=== REQUIRED WORK ===
Would you set down the data that follows, word for word, without any pictures?

=== DATA PROVIDED ===
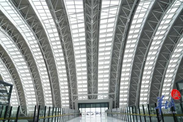 記者今日探營時發現,新塘站站房已基本裝修完畢,內部的候車大廳看上去寬敞明亮,視野非常開闊,中間的空地已經有數百張候車椅整齊擺放好。
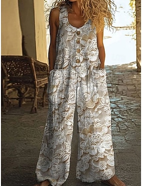 tuta intera da donna in finto cotone e lino, modello sportivo, floreale, senza maniche, gamba larga, scollo a U, tasche, bottoni, per tutti i giorni, vacanze, vestibilità ampia, blu, marrone, verde,
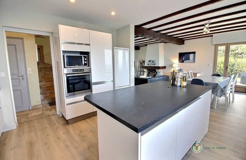 GR.FL : Entrance hall. Fitted kitchen. Lounge-diner. Bedroom 1: king-size bed. Shower room. WC. UPSTAIRS: Bedroom 2: twin beds. Bedroom 3: twin beds. Bedroom 4: double bed. Bathroom. WC. Internet access. Basement: 2 garages, one with table tennis table. Large L-shaped patio with wonderful sea views, small lawned area. Baby equipment : travel cot, high chair, bath, changing mat, booster seat and fireguard. End-of-stay- cleaning available. Local tourist tax payable directly to the owner. A spacious, Neo-Breton style house with large patio areas and panoramic sea views, great for a holiday with family or friends and for exploring the area between the Pink Granite Coast and the Côte du Trégor. Port l'Epine beach is 200m away and the wild, unspoilt peninsula of Port l’Epine is nearby..

=== WRITTEN ANSWER ===
 記者今日探營時發現,新塘站站房已基本裝修完畢,內部的候車大廳看上去寬敞明亮,視野非常開闊,中間的空地已經有數百張候車椅整齊擺放好。
 tuta intera da donna in finto cotone e lino, modello sportivo, floreale, senza maniche, gamba larga, scollo a U, tasche, bottoni, per tutti i giorni, vacanze, vestibilità ampia, blu, marrone, verde,
 GR.FL : Entrance hall. Fitted kitchen. Lounge-diner. Bedroom 1: king-size bed. Shower room. WC. UPSTAIRS: Bedroom 2: twin beds. Bedroom 3: twin beds. Bedroom 4: double bed. Bathroom. WC. Internet access. Basement: 2 garages, one with table tennis table. Large L-shaped patio with wonderful sea views, small lawned area. Baby equipment : travel cot, high chair, bath, changing mat, booster seat and fireguard. End-of-stay- cleaning available. Local tourist tax payable directly to the owner. A spacious, Neo-Breton style house with large patio areas and panoramic sea views, great for a holiday with family or friends and for exploring the area between the Pink Granite Coast and the Côte du Trégor. Port l'Epine beach is 200m away and the wild, unspoilt peninsula of Port l’Epine is nearby..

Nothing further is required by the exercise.